The guy is a ultra acclaimed stage actor, winner of three Tony Awards, most recently for his performance as Richard Nixon in Peter Morgan's Frost/Nixon a role he’s replaying for the upcoming film version (unfortunately directed by Ron Howard).
He was perfectly cast as Perry White in Superman Returns (2006), as William Paley in Good Night, and Good Luck (2005) and as Clare Quilty in Adrian Lyne’s perfume commercial looking version of Lolita (1997). But best of all, as a cruel lascivious acting teacher, he completely dominated the Clooney/Soderbergh/HBO reality-fiction series Unscripted (2005).
Much of the interesting, younger, pre & post Dracula, Langella canon is not available on DVD (U.S. Region One DVD) and/or is out of print on VHS.

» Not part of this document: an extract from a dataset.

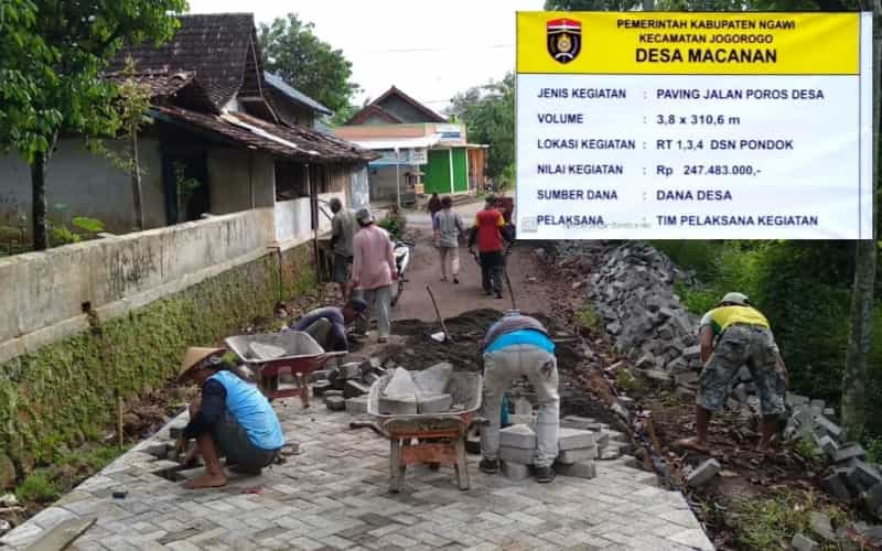 Salah satunya seperti yang dilakukan oleh Pemerintah Desa Macanan Kecamatan Jogorogo Kabupaten Ngawi. Tahun 2020 ini, desa tersebut merealisasikan DD lebih fokus pada pembangunan jalan pemukiman.

His first flick, the dark social satire Diary of a Mad Housewife (1970) has gained a cult following and if it’s ever released on DVD we’ll see if it deserves it’s acclaimed Z-Channel reputation. Offbeat director Frank Perry (The Swimmer) these days is known for the number of his flicks that haven’t seen the DVD light-of-day, including Last Summer (1969), Truman Capote's Trilogy (1969), Play It As It Lays (1972), Man On A Swing (1974), Compromising Positions (1985) and mind-blowingly terrible Monsignor (1982).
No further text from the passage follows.